The point of Breed Health Surveys depends totally on “the exam question” you are setting out to answer. If the exam question is “what’s the biggest issue?”, most Breed Clubs’ surveys have been able to answer that. The KC’s 2004 and 2014 surveys did that too. If you want to know where to focus effort on improvement, asking about prevalence and age of diagnosis isn’t going to get you very far. You need to know about severity and welfare impact as well. Finally, if you want to know if there’s been any change (for the better or worse) over a period of time, you’d better make sure you’re measuring the same thing, in the same way, at the start and the end. Otherwise, you’ll end up with “Garbage in, Gospel out” with someone cherry-picking the results to suit their own argument!

VetCompass gives us “big data”; breed health surveys give us “small data”. We need both, but most importantly, we need to define the “exam questions” before rushing off to design surveys, or to see if we have data already available.

I believe that all our breed club communities should be supporting the development and use of The Kennel Club’s Breed Health and Conservation Plans (BHCP). These are the most comprehensive documents that summarise the breadth of research available. Breed club officers and health representatives need to be familiar with the content for their own breed so that they can present a balanced and evidence-based argument when challenged about health and/or longevity.

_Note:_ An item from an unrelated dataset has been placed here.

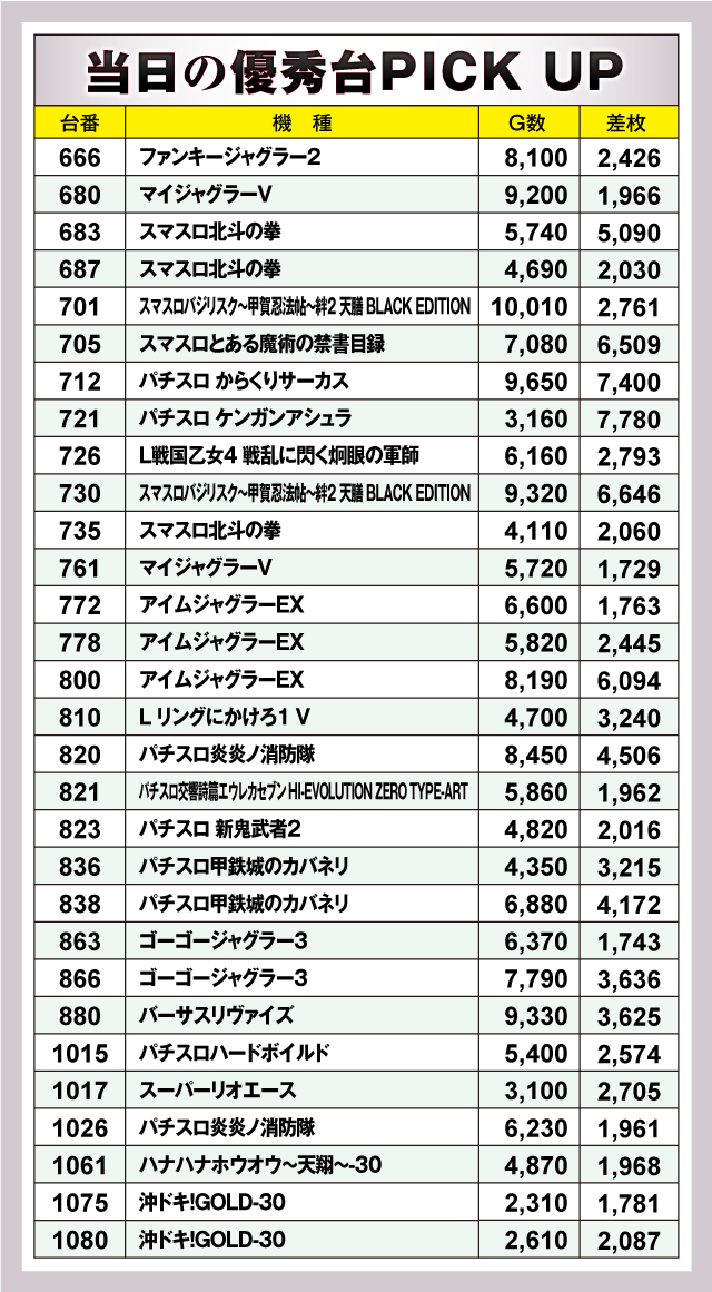 まずは優秀台30台の紹介から。30台のうち22台が+2,000枚オーバーで、+3,000枚オーバーは12台。そして+5,000枚オーバーは6台と、小規模ホールながらビッグな結果が続出。それらのなかでもっとも優秀だったのは、721番台の「パチスロ ケンガンアシュラ」で差枚+7,780枚を獲得! 30台全体を見渡すと、スマスロからノーマルタイプまで幅広い機種がランクインしていることから、チャンスはいたるところに隠されていた可能性が高そうだ!

More data won’t improve dog health or longevity

In September 2020, I said that data are necessary but not sufficient. I went on to explain that without human behaviour change, the lives of dogs will not improve. The missing science is that of Human Behaviour Change. 

We do need to question the research that is being published and to understand its strengths and limitations. Every piece of research has the potential to nudge us towards actions that will improve the health and longevity of our dogs. We need to see the bigger picture and focus on the behaviours of owners, breeders and vets who can all actually make a positive impact on dog health.

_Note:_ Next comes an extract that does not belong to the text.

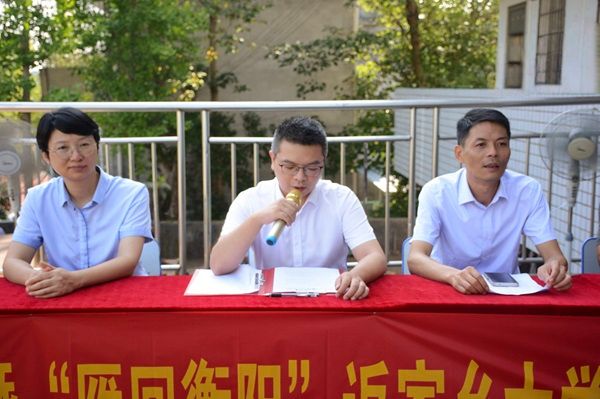 (通讯员 谌颜 迟薪格 翟欣晨)7月15日上午,数学与统计学院“师翼启梦”暑期社会实践团赴衡阳暑期社会实践团(以下简称“实践团”)在三湖镇三湖中学举行开营仪式。衡阳县团县委书记彭兴丹、三湖镇人大主席莫国华、社会工作部副部长钟朝霞、三湖镇学区主任颜捷、当地村民代表、学校师生代表以及实践团全体队员参加此次活动,三湖中学校长华良初担任主持人。

Every day is a learning day

One of the potential barriers to improving the health of pedigree dogs is breeders’ lack of understanding of genetics. Most breeders are, by now, familiar with DNA tests for genetic mutations for health conditions such as PRA, CLAD, DM and many more (often also with 2 or 3 letter abbreviations!). The principles of recessive mutations with 3 genotypes; Clear, Carrier and Affected and what these mean in terms of clinically healthy or unhealthy dogs is generally known by breeders. This may be less clearly understood by buyers who may still think that Carriers are likely to be a problem and get ill. 

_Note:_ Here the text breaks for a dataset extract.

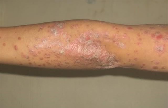 Biểu hiện của bệnh vảy nến có rất nhiều nhưng đầu tiên dễ nhận biết là thương tổn da: Hay gặp và điển hình nhất là các dát đỏ có vẩy trắng phủ trên bề mặt, vẩy dày, có nhiều lớp xếp chồng lên nhau rất dễ bong và giống như giọt nến (Vì vậy có tên gọi là “Vẩy nến”). Kích thước thương tổn to nhỏ khác nhau với đường kính từ 1- 20 cm hoặc lớn hơn.

As we move into discussing which combinations of those 3 genotypes can safely be bred together, there are still a range of opinions on whether DNA Affected dogs should be bred from. As long as an affected dog is mated to a clear dog, any puppies will not be affected but will be carriers. In many breeds, where there are small gene pools, it is reasonable to breed with affected dogs (mating only to clears). While it might be argued that not using affected dogs is a quicker way to remove deleterious mutations, it also has the effect of removing all that dog’s genes from the population. Removing dogs from breeding on the basis of one genetic mutation alone is often not in the best interests of the breed.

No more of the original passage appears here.